The endpoint responds with a body containing a JSON list of objects representing Frictionless DataResources describing the files that match the given search query in as much detail as is practical.

Error codes should be used in accordance with HTTP conventions:

A successful query returns a 200 OK status code
An improperly-formed request should result in a 400 Bad Request status code

Example

The JGI Data Portal (JDP) uses ElasticSearch to implement its file search capability.

At the time of writing, this query produces well over 100 results. Here are the first two results, expressed as Frictionless DataResource objects in JSON:

[
  {
    "id": "JDP:57f9e03f7ded5e3135bc069e",
    "name": "10927.1.183804.CTCTCTA-AGGCTTA.QC",
    "path": "rqc/10927.1.183804.CTCTCTA-AGGCTTA.QC.pdf",
    "format": "pdf",
    "bytes": 227745,
    "hash": "71a60d25af7b35227e8b0f3428b49687",
    "sources": [
      {
        "title": "Stewart, Frank (Georgia Institute of Technology, United States)",
        "path": "https://doi.org/10.46936/10.25585/60000893",
        "email": "frank.stewart@biology.gatech.edu"
      }
    ],
    "credit": {
      "comment": "",
      "description": "",
      "identifier": "JDP:57f9e03f7ded5e3135bc069e",
      "license": "",
      "resource_type": "dataset",
      "version": "",
      "contributors": [
        {
          "contributor_type": "Person",
          "contributor_id": "",
          "name": "Stewart, Frank",
          "credit_name": "Stewart, Frank",
          "affiliations": [
            {
              "organization_id": "",
              "organization_name": "Georgia Institute of Technology"
            }
          ],
          "contributor_roles": "PI"
        }
      ],
      "dates": [
        {
          "date": "2013-09-20",
          "event": "approval"
        }
      ],
      "funding": null,
      "related_identifiers": null,
      "repository": {
        "organization_id": "",
        "organization_name": ""
      },
      "titles": null
    }
  },
  {
    "id": "JDP:57f9d2b57ded5e3135bc0612",
    "name": "10927.1.183804.CTCTCTA-AGGCTTA.filter-SAG",
    "path": "rqc/filtered_seq_unit/00/01/09/27/10927.1.183804.CTCTCTA-AGGCTTA.filter-SAG.fastq.gz",
    "format": "fastq",
    "media_type": "text/plain",
    "bytes":2225019092,
    "hash": "55715364087c8553c99c126231e599dc",
    "sources":[
      {
        "title": "Stewart, Frank (Georgia Institute of Technology, United States)",
        "path": "https://doi.org/10.46936/10.25585/60000893",
        "email": "frank.stewart@biology.gatech.edu"
      }
    ],
    "credit": {
      "comment": "",
      "description": "",
      "identifier": "JDP:57f9d2b57ded5e3135bc0612",
      "license": "",
      "resource_type": "dataset",
      "version": "",
      "contributors":[
        {
          "contributor_type": "Person",
          "contributor_id": "",
          "name": "Stewart, Frank",
          "credit_name": "Stewart, Frank",
          "affiliations": [
            {
              "organization_id": "",
              "organization_name": "Georgia Institute of Technology"
            }
          ],
          "contributor_roles": "PI"
        }
      ],
      "dates": [
        {
          "date": "2013-09-20",
          "event": "approval"
        }
      ],
      "funding": null,
      "related_identifiers":null,
      "repository": {
        "organization_id": "",
        "organization_name": ""
      },
      "titles":null
    }
  },
  ...
]

Many fields are blank, particularly in the credit field, because some of this information isn't in the JDP database.

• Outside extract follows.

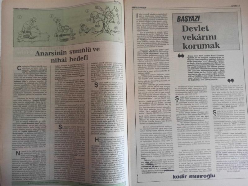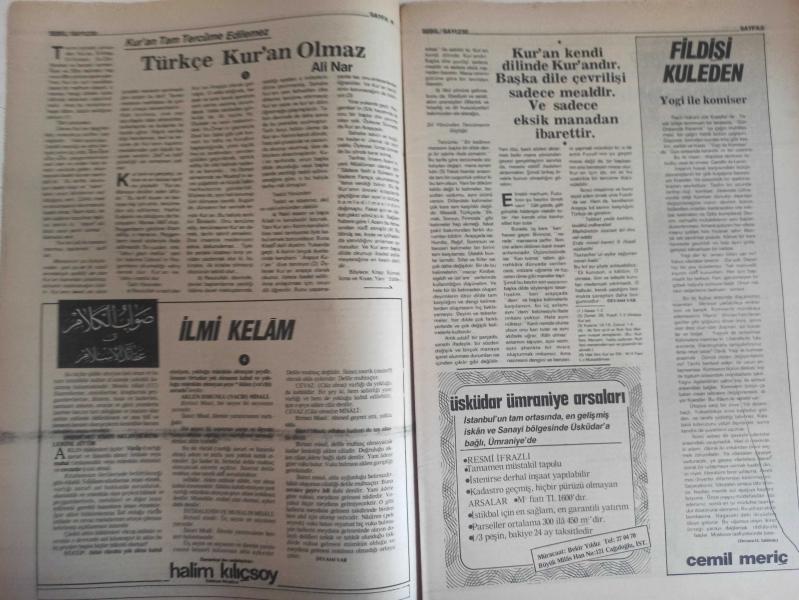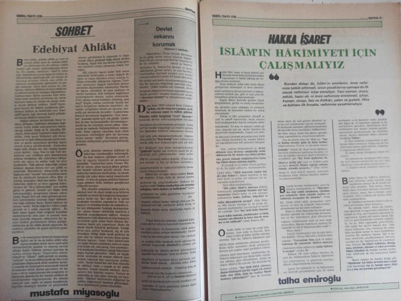 Sebil Haftalık Siyasi, Edebi, Tarihi, İlmi Gazetesi - 5 Haziran 1980 - Sayı:230 - İstanbul'un Fethi Hakkın Batıla Galbesinin Eskimez Bir Sembolüdür! - Yeniden ve Topyekün İslamlaşmaktır! - Anarşinin Şumulü ve Nihai Hedefi - Devlet ve Karını Korumak - Türkçe Kur'an Olmaz -Ali Nar - İlmi Kelam - Fildişi Kuleden - Yogi ile Komiser - Cemil Meriç - Kur'an Kendi Dilince Kur'andır. Başka Dile Çevrilişi Sadece Mealdır. Ve Sadece Eksik Manadan İbaretir - Edebiyat Ahlakı - Mustafa Miyasoğlu - İslam'ın Hakimiyeti İçin Çalışmalıyız - Kürtaj Bir Cinayettir - Anarşi Tırmanıyor - Sivas Tarihi Bir Gün Yaşadı - MSP Umumi Reisi Erbakan - Ben Şahsen Son Nefesimi Bir Minare Gölgesinde Vermek İstiyorum - İbn-i Kemal - Vel-i Artan - AP'ye Rey Vermiş Olan Bir Vatandaşın Feryadı - Edebiyatçının Korkusu - Dursun Gürlek - Sadık Albayrak - Önce Kendimizi Öğrenelim - Sebil Mahallesi - Okuyucu Postası - Fethin 527. Yılında İslam'cı Gençlik Bir Kere Daha Şahlandı fotoğraf ve haberi - Tam Takım Gazete, Kadir Mısıroğlu - Ramazan Güntay tarafından kaleme alınmıştır. Kitap 1980 yılında Milsan Basın Sanayi tarafından [İstanbul] yayınlanmıştır. 16 sayfadır. Sebil Haftalık Siyasi, Edebi, Tarihi, İlmi Gazetesi - 5 Haziran 1980 - Sayı:230 - İstanbul'un Fethi Hakkın Batıla Galbesinin Eskimez Bir Sembolüdür! - Yeniden ve Topyekün İslamlaşmaktır! - Anarşinin Şumulü ve Nihai Hedefi - Devlet ve Karını Korumak - Türkçe Kur'an Olmaz -Ali Nar - İlmi Kelam - Fildişi Kuleden - Yogi ile Komiser - Cemil Meriç - Kur'an Kendi Dilince Kur'andır. Başka Dile Çevrilişi Sadece Mealdır. Ve Sadece Eksik Manadan İbaretir - Edebiyat Ahlakı - Mustafa Miyasoğlu - İslam'ın Hakimiyeti İçin Çalışmalıyız - Kürtaj Bir Cinayettir - Anarşi Tırmanıyor - Sivas Tarihi Bir Gün Yaşadı - MSP Umumi Reisi Erbakan - Ben Şahsen Son Nefesimi Bir Minare Gölgesinde Vermek İstiyorum - İbn-i Kemal - Vel-i Artan - AP'ye Rey Vermiş Olan Bir Vatandaşın Feryadı - Edebiyatçının Korkusu - Dursun Gürlek - Sadık Albayrak - Önce Kendimizi Öğrenelim - Sebil Mahallesi - Okuyucu Postası - Fethin 527. Yılında İslam'cı Gençlik Bir Kere Daha Şahlandı fotoğraf ve haberi - Tam Takım Gazete adlı eser Türkçe dilindedir.

The DTS works with the KBase Credit Engine to fill in missing credit information.

Existing implementations

The JDP search endpoint we've described in the above example returns information about the files matching a query, but not in the Frictionless format we've shown. The JDP actually organizes its search results into organisms, and the DTS unpacks these results and repackages them into Frictionless DataResource objects. This is another example of how the DTS team can support incremental integration by working with your organization.